Data records
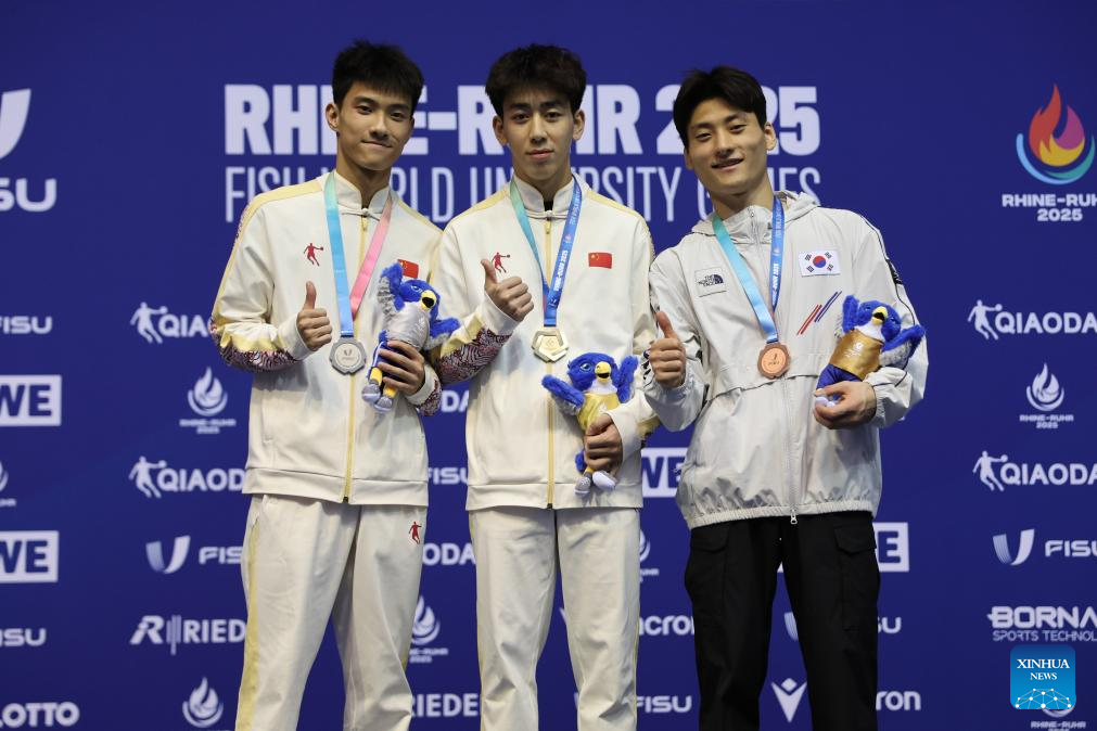 Gold medalist Zheng Junzhi (C) of China, sliver medalist Mo Yonghua (L) of China and bronze medalist Kim Yeongtaek of South Korea pose during the awarding ceremony for the men's 10m platform final of diving at the Rhine-Ruhr 2025 FISU World University Games in Berlin, Germany, July 19, 2025. (Xinhua/Du Zheyu)
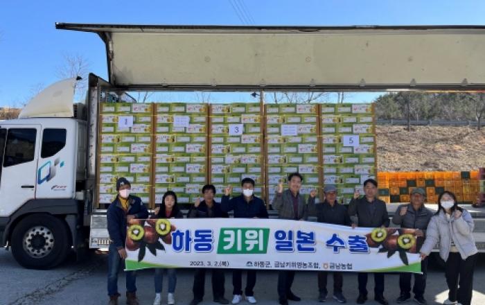 경남 하동군은 지난 2일 금남면 대치리 금남키위영농조합법인 선별장에서 올들어 하동산 참다래(키위) 첫 선적 행사를 가졌다고 3일 밝혔다. 이날 행사에는 하동군 수출관계자를 비롯해 최두석 금남키위영농조합법인 대표, 수출업체 관계자 등이 참석해 올들어 첫 수출을 축하했
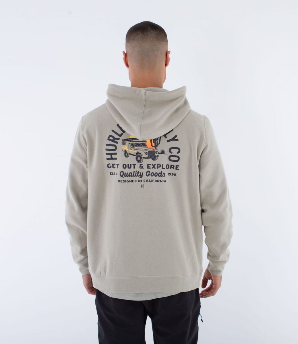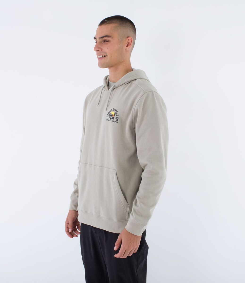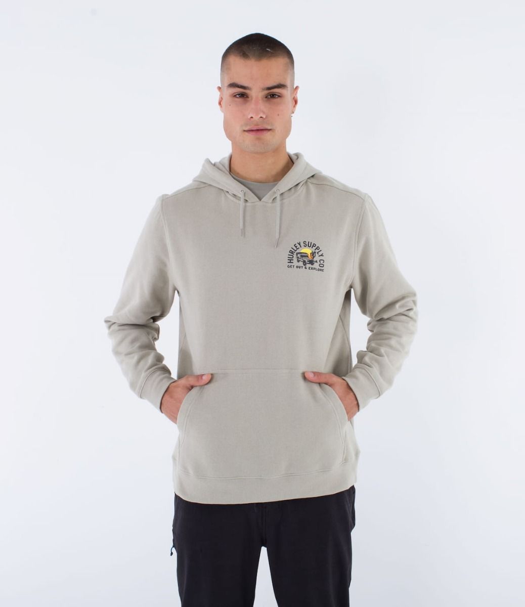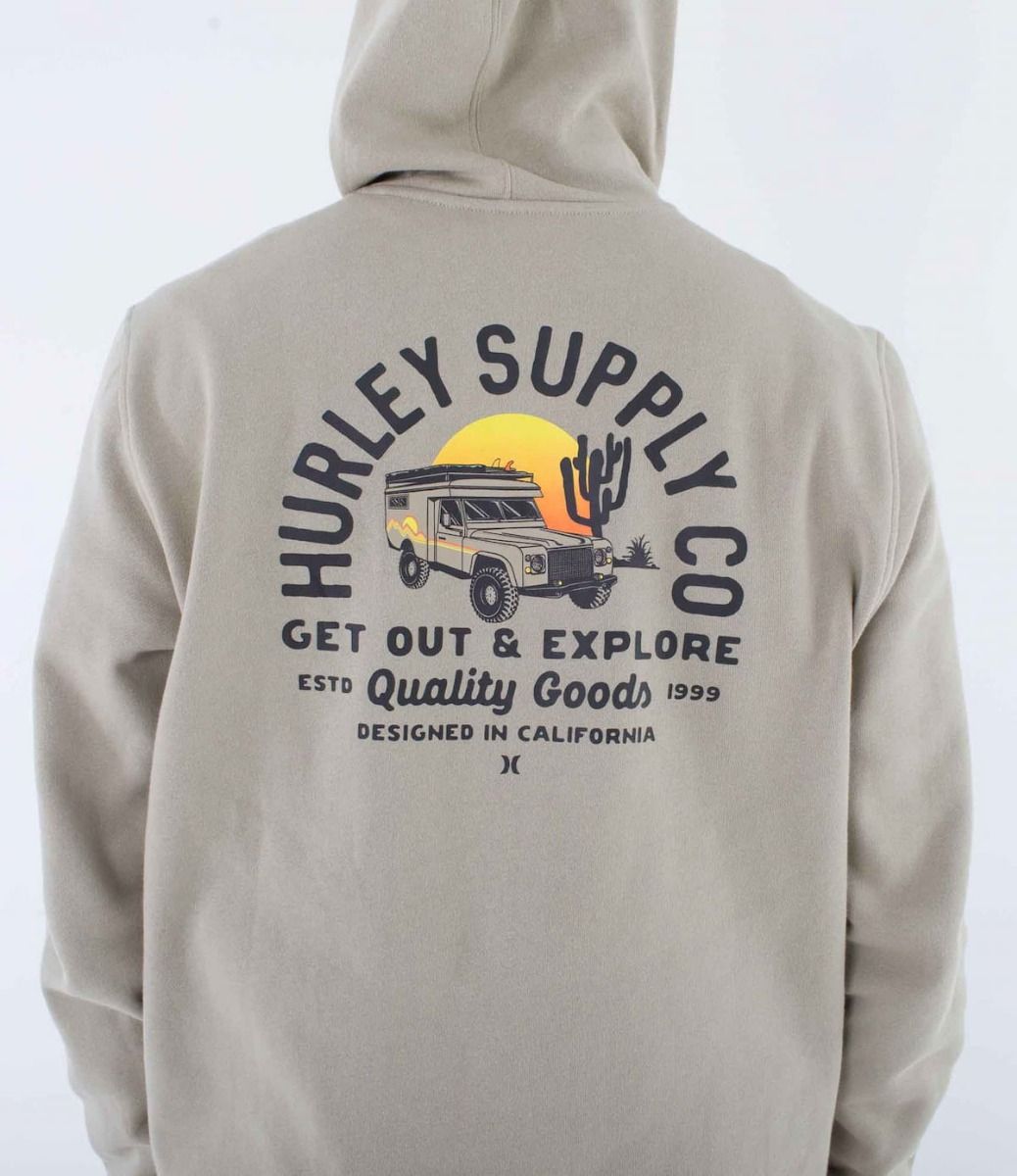 Esta hoodie de corte clásico cuenta con forro interior polar, capucha ajustable mediante cordones DTM, puños y bajo inferior acanalados, un bolsillo tipo canguro, junto con serigrafiado suave Hurley Supply Co, junto con un gráfico de un coche y la inscripción "Get out and explore" (Sal y explora) impresos en el lado izquierdo del pecho y en la espalda.
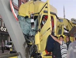 ANKARA GAZETESİ / Protokol yolunda seyreden Abdullah Yoncalık (49) yönetimindeki 06 RD 394 plakalı kurtarıcı kamyon, Pursaklar tünel girişinde önce refüje, ardından yön tabelasına çarptı.
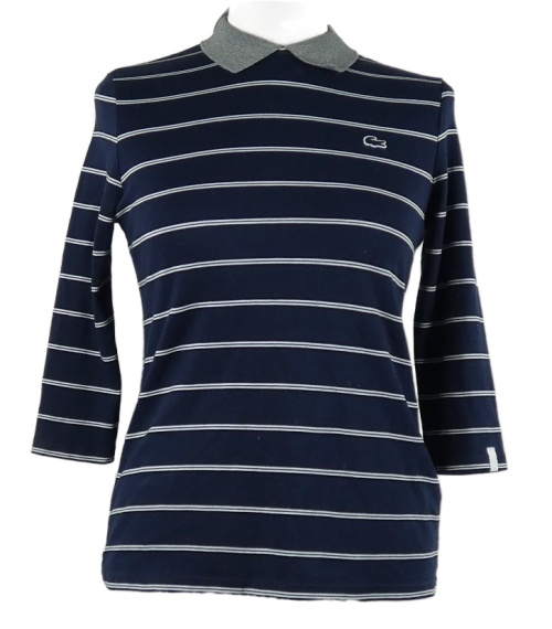 Dámské tmavomodré pruhované triko s límečkem Lacoste
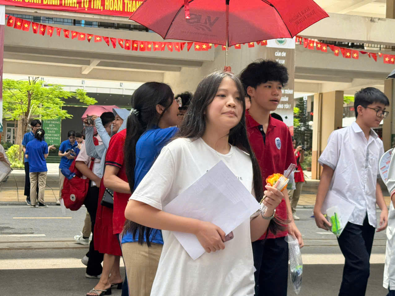Đến 10h, tiếng trống báo hiệu hết giờ làm bài thi vang lên, ở phía trước cổng trường thi, phụ huynh và tình nguyện viên đồng loạt vỗ tay. Nhiều người giơ điện thoại chụp khoảnh khắc cánh cổng trường dần mở, nhiều học sinh lần lượt bước ra với gương mặt nhẹ nhõm sau hai ngày “vượt vũ môn”.
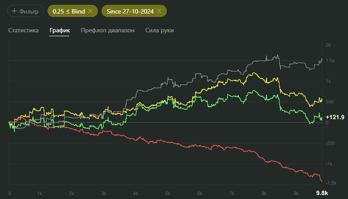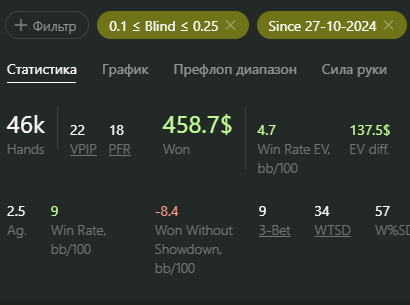 на нл25 пока что тяжело, осталась привычка с нл 10 вельюбетить все подряд, в результаты чего вельюбетим сами себя, да и цифры морально тяжелые большие - 4би -10тыс, два дня непруха -20, хотя я не первый раз туда добираюсь, раньше за счет бонусов
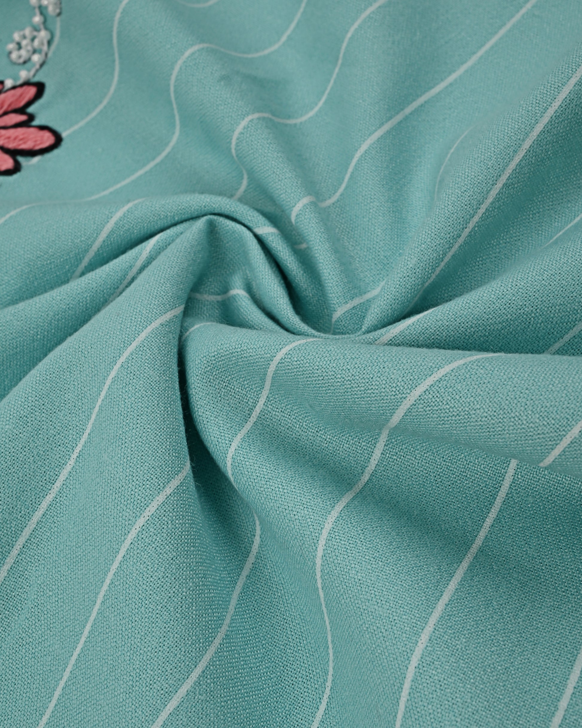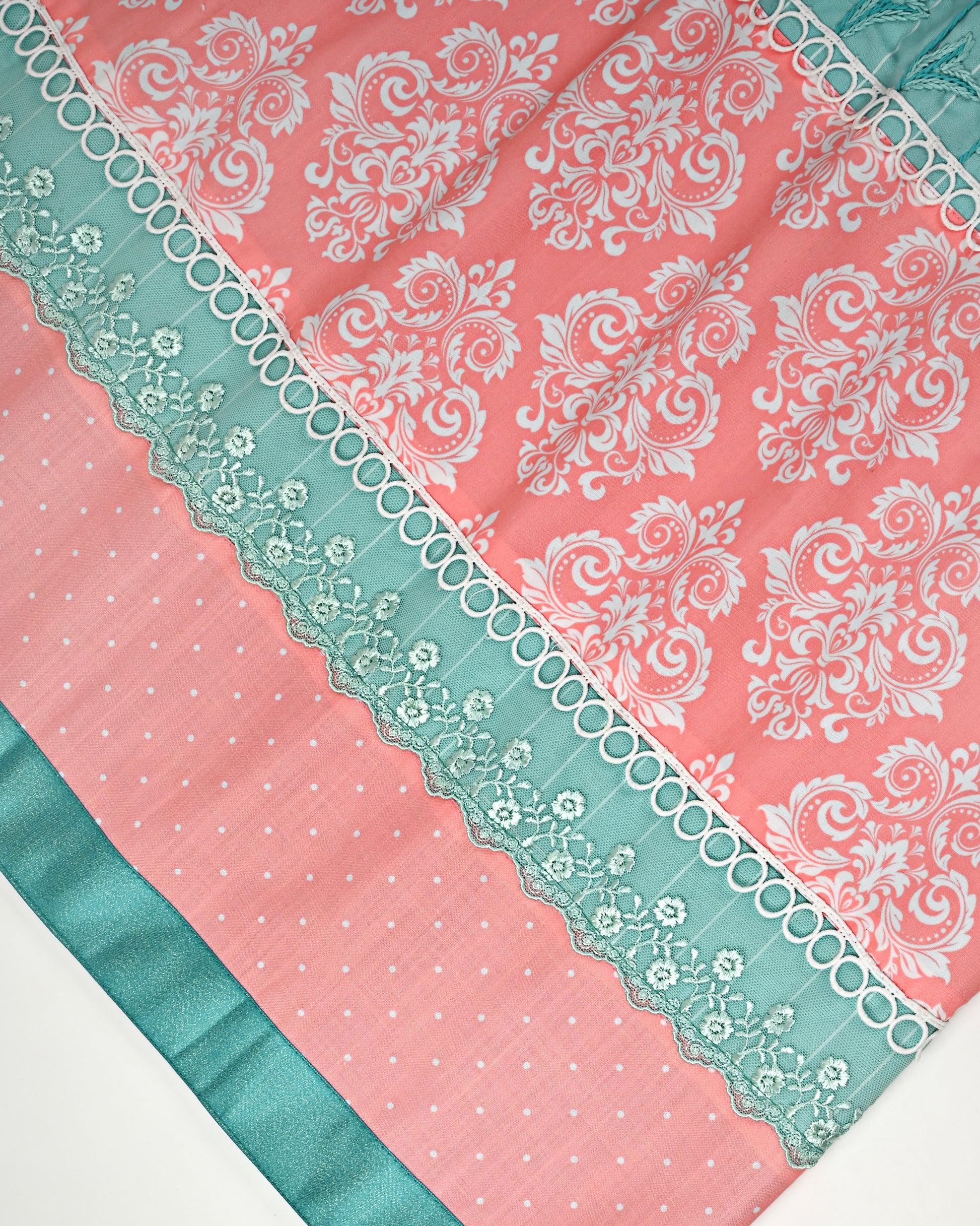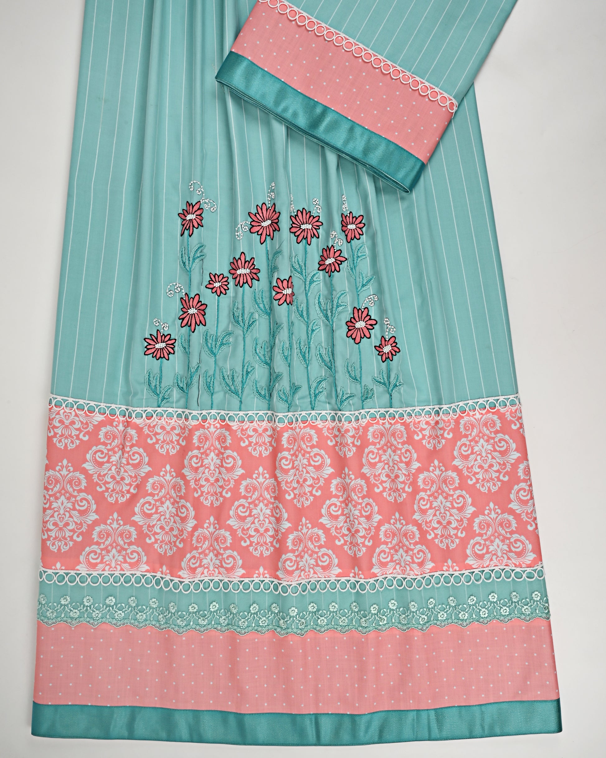 Sea Foam Green Rida With Smart Printed Panel Lace & Floral Work
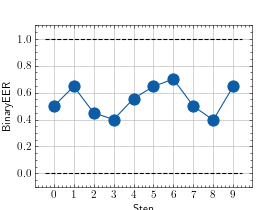 \[\text{EER} = \frac{\text{FAR} + (1 - \text{FRR})}{2}, \text{where} \min_t abs(FAR_t-FRR_t)\]The Equal Error Rate (EER) is the point where the False Positive Rate (FPR) and True Positive Rate (TPR) are equal, or in practise minimized. A lower EER value signifies higher system accuracy.
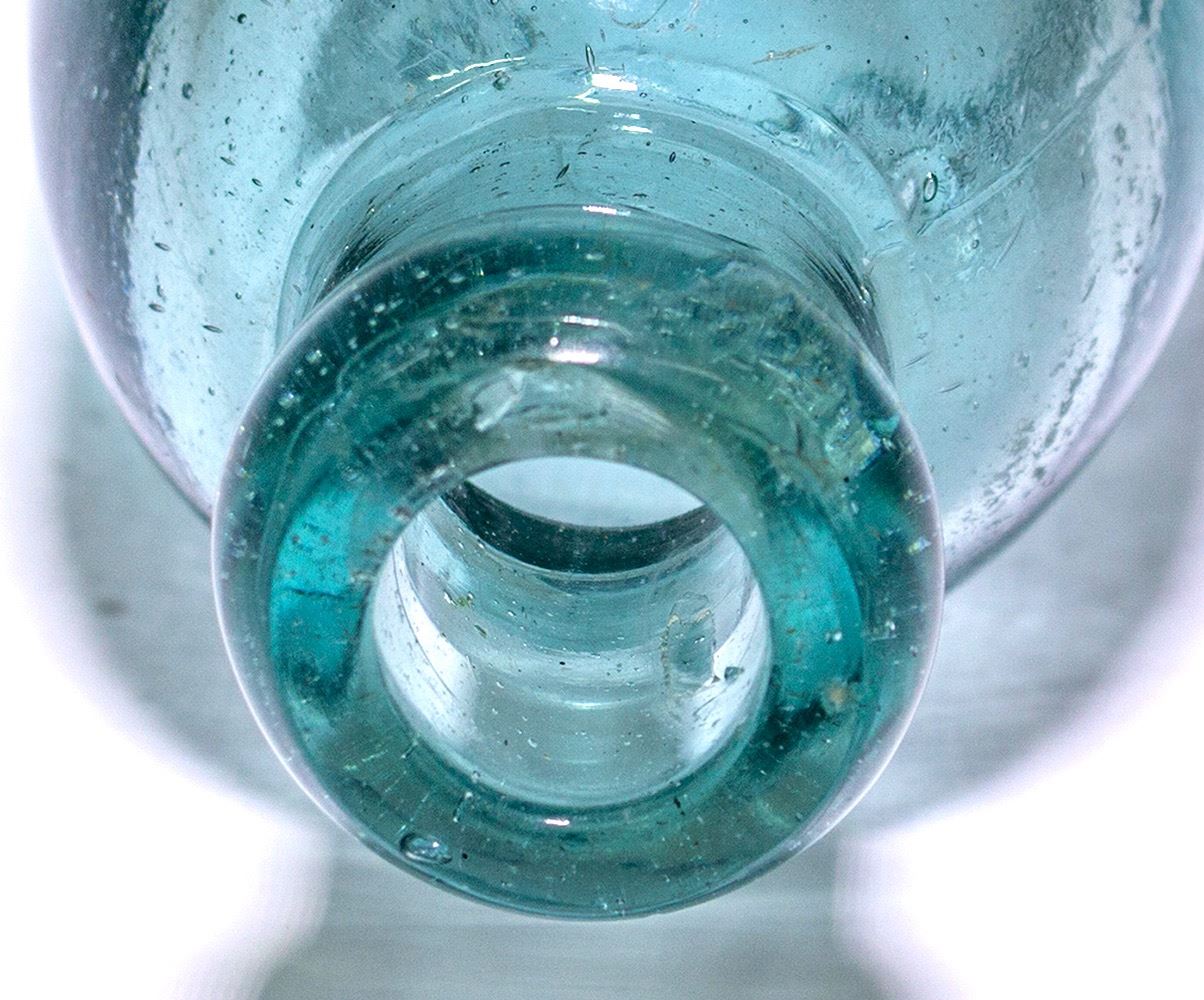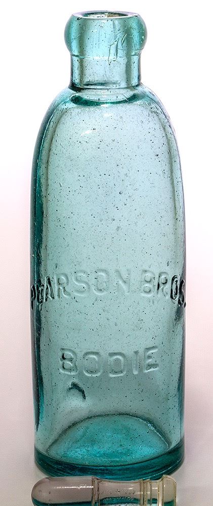 The classic Bodie soda bottle from c1880. Gravitating stopper-style, aqua, full of tiny seed bubbles, very clean. Two tiny imperfections in the lip. Original fold of glass near base in the back, adding to the crudeness and overall aesthetics of the bottle. Includes original Glass Stopper. Pearson is a popular merchant among collectors today. His soda works in Placerville is today a coffee house, erected perhaps in the late 1850's. In that building, Pearson put out at least four different embossed soda bottles from about 1870-1900. He also opened a soda works at Bodie that lasted about three years, and another in Carson City, which has no known embossed bottles. This specimen comes to us from a major eastern collection, known to the collecting community. City: Bodie State: California Date: HWAC# 50869
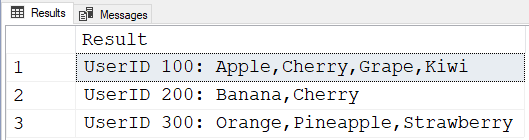 STUFF((--Aggregate the fruit names for each UserID
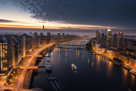 As dusk settles over the city, lights illuminate the skyline and reflect on the tranquil river below. The urban landscape exudes energy as day transitions to night.
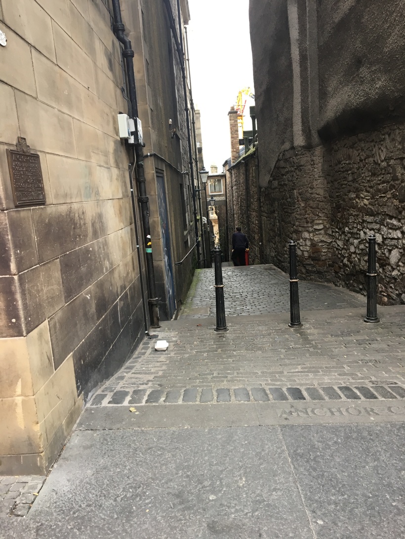 По улице, конечно, можно идти по разному, в первый день когда я пробежала по ней бегом к открытию Эдинбургского замка, я особо ничего не увидела. Сейчас проходя медленно, рассматривая дома, заходя в магазины, впечатление совсем другое. Вот и знаменитый тупик Мэри Кинг, одна из достопримечательностей Старого города.
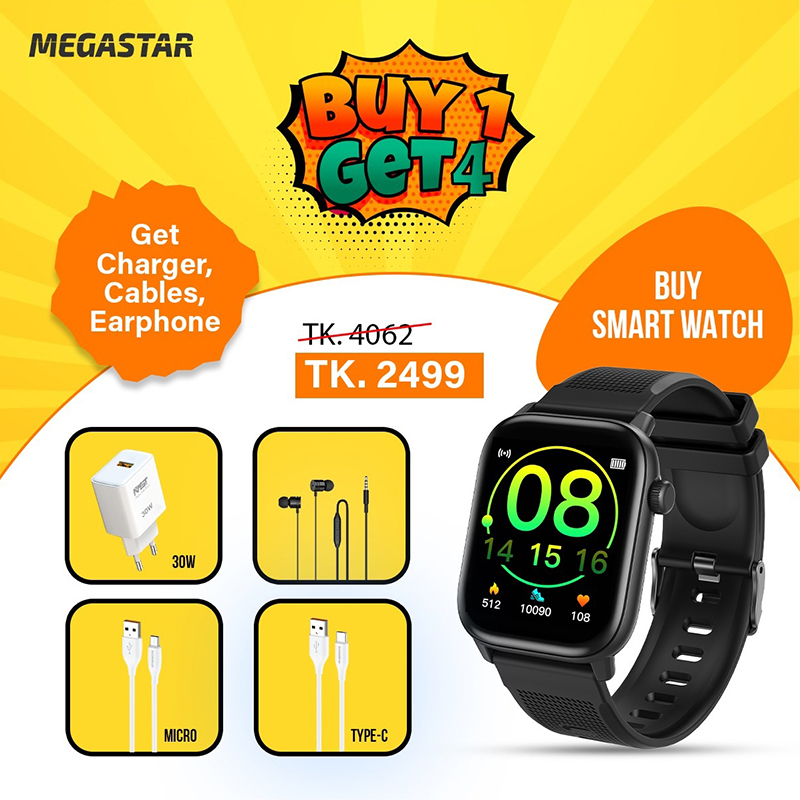 Buy Smart Watch Get Free 30W Charger Type C and Micro Cables Earphone Offer (Buy 1 Get 4)

- **Problem requirements**
From the opening line of the entries above to the line that holds "경남 하동군은 지난 2일", inclusive, reproduce each line exactly and omit any picture.

- **Written solution**
 Gold medalist Zheng Junzhi (C) of China, sliver medalist Mo Yonghua (L) of China and bronze medalist Kim Yeongtaek of South Korea pose during the awarding ceremony for the men's 10m platform final of diving at the Rhine-Ruhr 2025 FISU World University Games in Berlin, Germany, July 19, 2025. (Xinhua/Du Zheyu)
 경남 하동군은 지난 2일 금남면 대치리 금남키위영농조합법인 선별장에서 올들어 하동산 참다래(키위) 첫 선적 행사를 가졌다고 3일 밝혔다. 이날 행사에는 하동군 수출관계자를 비롯해 최두석 금남키위영농조합법인 대표, 수출업체 관계자 등이 참석해 올들어 첫 수출을 축하했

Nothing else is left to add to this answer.